— WORK REQUIRED —
Return the line containing "LE GARDE-CORPS DE" and every line beneath it through the end of the entries below, unchanged. Pictures stay out.

— TASK INPUT —

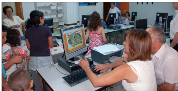
Abuelos y nietos disfrutaron de los lindo navegando por internet.
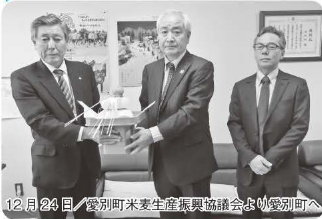
12月24日 / 愛別町米麦生産振興協議会より愛別町へ
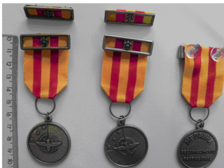
Figura 14: Medalha de Reconhecimento Profissional – Gradação Ouro, Prata e Bronze

4.3 Estojo: Estojo retangular plástico próprio para medalhas, com encaixe em baixo relevo aveludado para acondicionamento da medalha e do passador. (conforme figura ilustrativa 16)
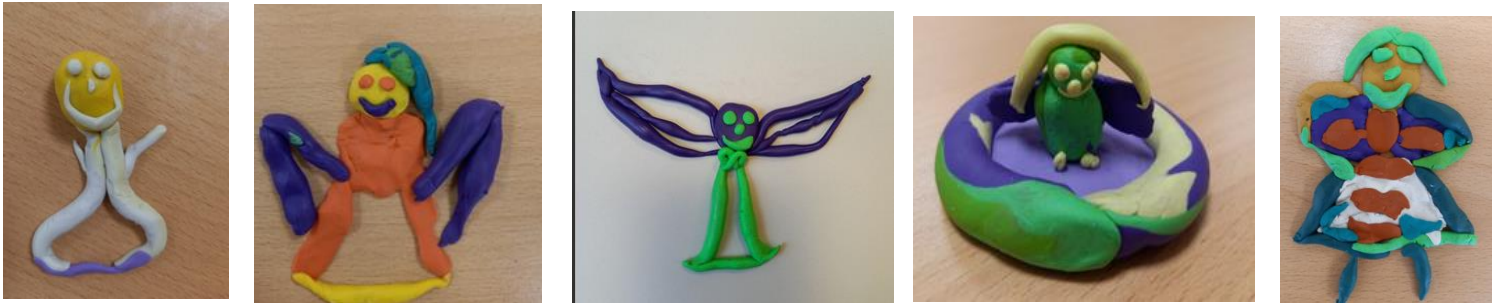
Wir gestalten Engel aus Knete.
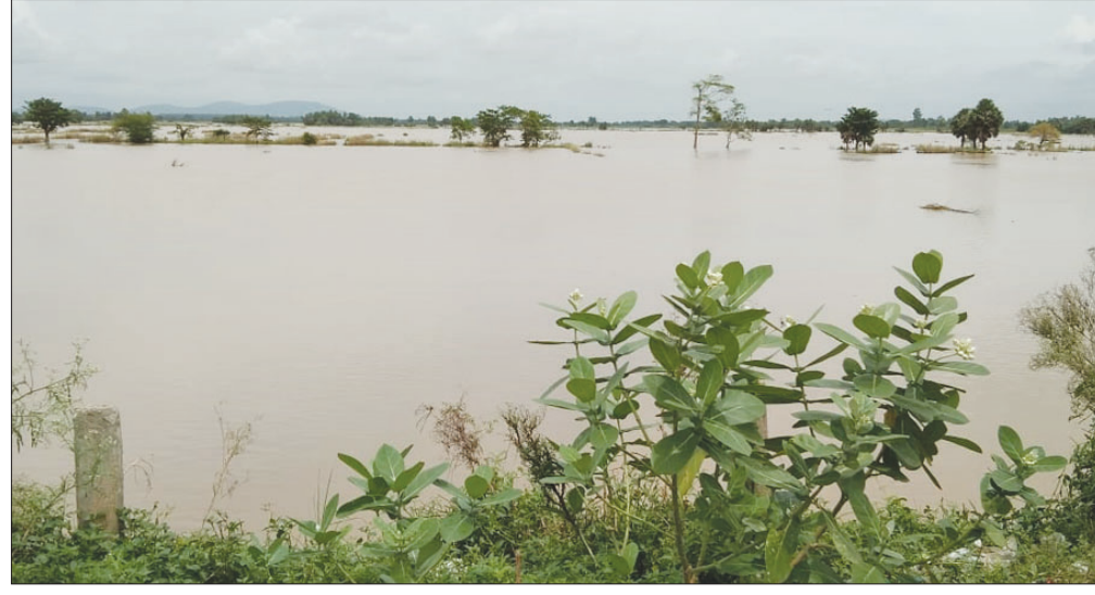
ଦୟା ଓ ମକରାନଦୀର ମଧ୍ୟବର୍ତ୍ତୀ ଅଞ୍ଚଳ ବୁଡ଼ିଯାଇଛି।

୪ଦିନ ଧରି ଲାଲୁଚାପ ବର୍ଷା ଲାଗିରହିବା ଏବଂ ବନ୍ୟାଜଳ ଆସିବା ଦ୍ୱାରା କଣାସ ବ୍ଲକ୍‌ରେ ପ୍ରବାହିତ ହେଉଥିବା ଦୟାନଦୀ ଏବଂ ଶାଖାନଦୀ ରାଜୁଆ, ମକରା, କାଣିଆ, ଲୁଣାନଦୀର ଜଳପତନ ବୃଦ୍ଧି ପାଇବାରେ ଲାଗିଛି। କଣାସଠାରେ ଦୟାନଦୀର ବିପଦସଙ୍କେତ ୩.୯୯ମି. ଥିବାବେଳେ ଗୁରୁବାର ଦୟାନଦୀର ଜଳପତନ ବୃଦ୍ଧି ପାଇ ୪.୧୯ମି. ପ୍ରବାହିତ ହେଉଥିବା ଦେଖାଯାଇଛି। ଫଳରେ ଦୟା ଓ ରାଜୁଆ ନଦୀର ମଧ୍ୟବର୍ତ୍ତୀ ଅଞ୍ଚଳ ଦୋକନ୍ଦା, ବଡ଼ାସ, ଗଡ଼ବଳଭଦ୍ରପୁର ପଞ୍ଚାୟତର ଦୋକନ୍ଦା, ବାଲିପାଟଣା, ତରପଡ଼ା, ବଡ଼ାସ, କଣାଭୁବପ୍ର, ବୈଦ୍ୟନାଥପାଟଣା, ସବଳଙ୍ଗ, ଚେତୁଳିମୁଳ, ଗଡ଼ବଳଭଦ୍ରପୁର ଗ୍ରାମର ଧାନକମି ଉପରେ ୬ରୁ ୭ଫୁଟ ବନ୍ୟାଜଳ ରହିଛି। ଉକ୍ତ ଜମିରୁଡ଼ିକରେ ଚାଷୀମାନେ ଅଧିକ ସଂଖ୍ୟାରେ କଖାଳୁ, ଦାଜଗଣ, କଲରା, ପୋଟଳ,
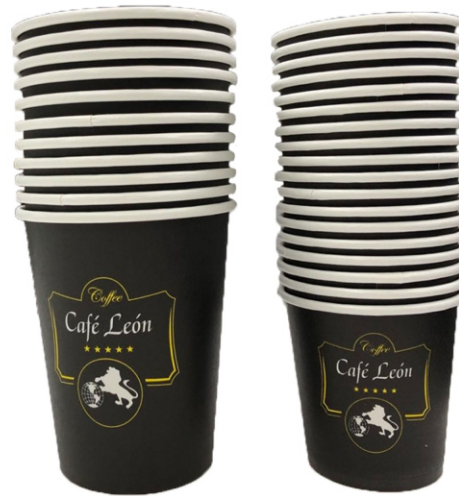
VASOS DE CARTÓN PARA BEBIDAS CALIENTES 120ml y 240ml
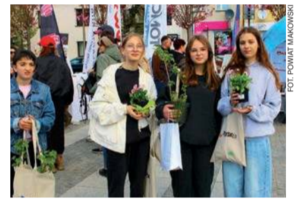
Uczestnicy pikniku z roślinami otrzymanymi w zamian za surowce wtórne

Strażacy opowiadali zaś o zawodzie i edukowali na temat czujek dymu i czadu oraz o zagrożeniach związanych z wypalaniem traw.
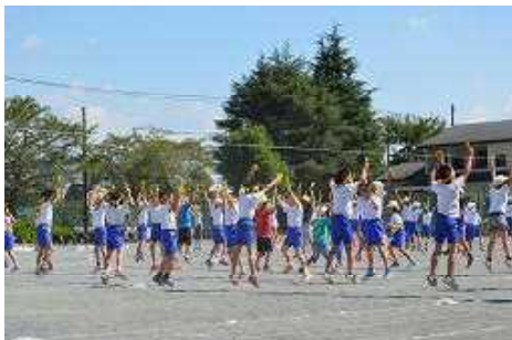
3・4年ダンス「ええじゃないか」気持ちを一つに踊ります
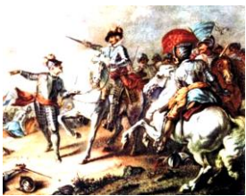
ネーズビーの戦い

鉄騎隊を率いるクロムウェルは、議会派の副司令官を務めた。この戦いの結果、議会派の勝利は決定的となった。イギリス革命の趨勢を決めた一戦である。
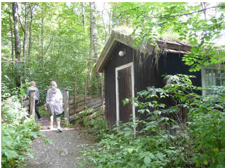
Et liten bu i skogen.
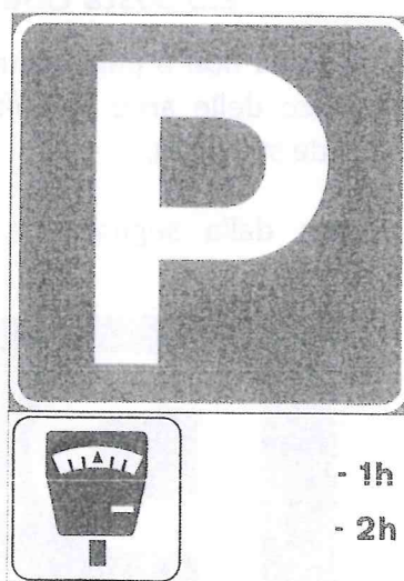
Figura 1. Segnaletica verticale della sosta a pagamento

Le aree di sosta a pagamento sono identificate con la segnaletica orizzontale di colore blu e concentrate solamente nella Zona 1.
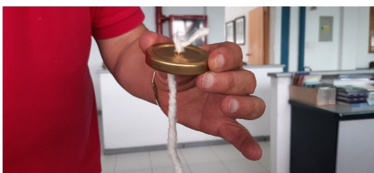
Impregne la mecha con aceite y deje que esta sobre salga un centímetro por encima de la tapa.
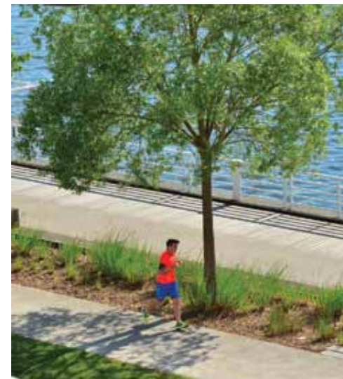
LE GARDE-CORPS DE L'ESPLANADE DU GRÂCE AU CHANTIER D'INSERTION CO

En 2015, la SEMIV achevait la transformation du quartier des Ailes avec la rénovation complète des bâtiments. Au pied des immeubles, le Parc des Ailes -repensé- invite à la détente les habitants et les promeneurs des bords d'Allier. Dès cet été, les enfants (de 3 à 13 ans)
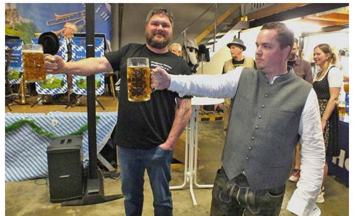
Bericht und Fotos: Stefan Meyer
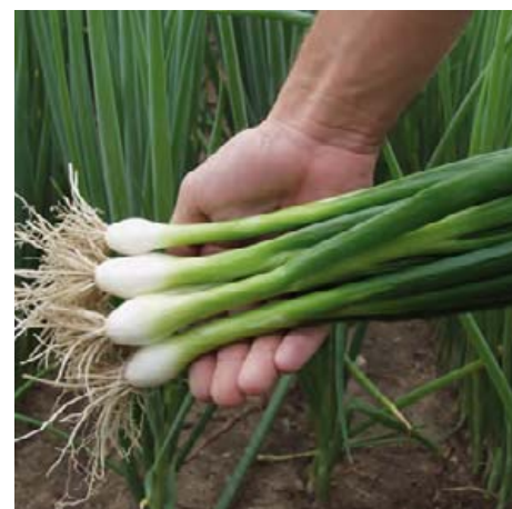
Hi 08 527 ZW
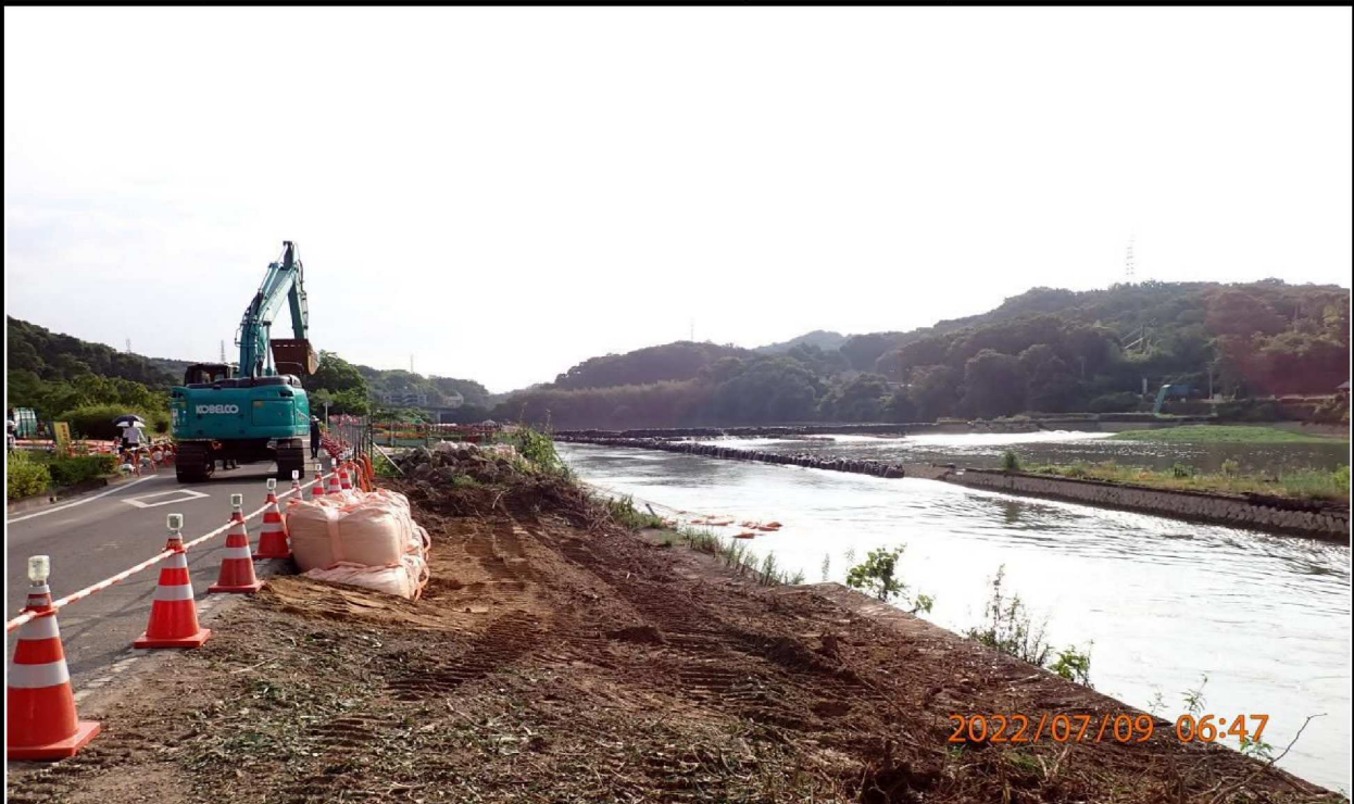
水源緑地付近の様子（1） この時間は重機により通行制限されていた。
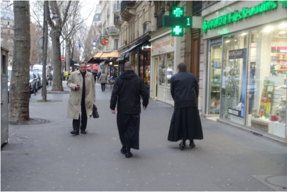
A trottinette bd St Germain
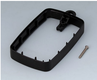
B9004786 Bague intermédiaire EM, surélevé PMMA (IR) (UL 94 HB) noir RAL 9005
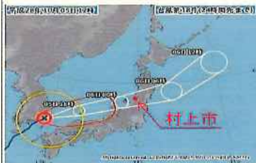
村上市に台風が深夜直撃する予想進路
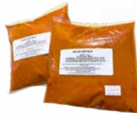
Salsa Búfalo TRESA

— ANSWER FOR THE TASK —
LE GARDE-CORPS DE L'ESPLANADE DU GRÂCE AU CHANTIER D'INSERTION CO

En 2015, la SEMIV achevait la transformation du quartier des Ailes avec la rénovation complète des bâtiments. Au pied des immeubles, le Parc des Ailes -repensé- invite à la détente les habitants et les promeneurs des bords d'Allier. Dès cet été, les enfants (de 3 à 13 ans)
Bericht und Fotos: Stefan Meyer
Hi 08 527 ZW
水源緑地付近の様子（1） この時間は重機により通行制限されていた。
A trottinette bd St Germain
B9004786 Bague intermédiaire EM, surélevé PMMA (IR) (UL 94 HB) noir RAL 9005
村上市に台風が深夜直撃する予想進路
Salsa Búfalo TRESA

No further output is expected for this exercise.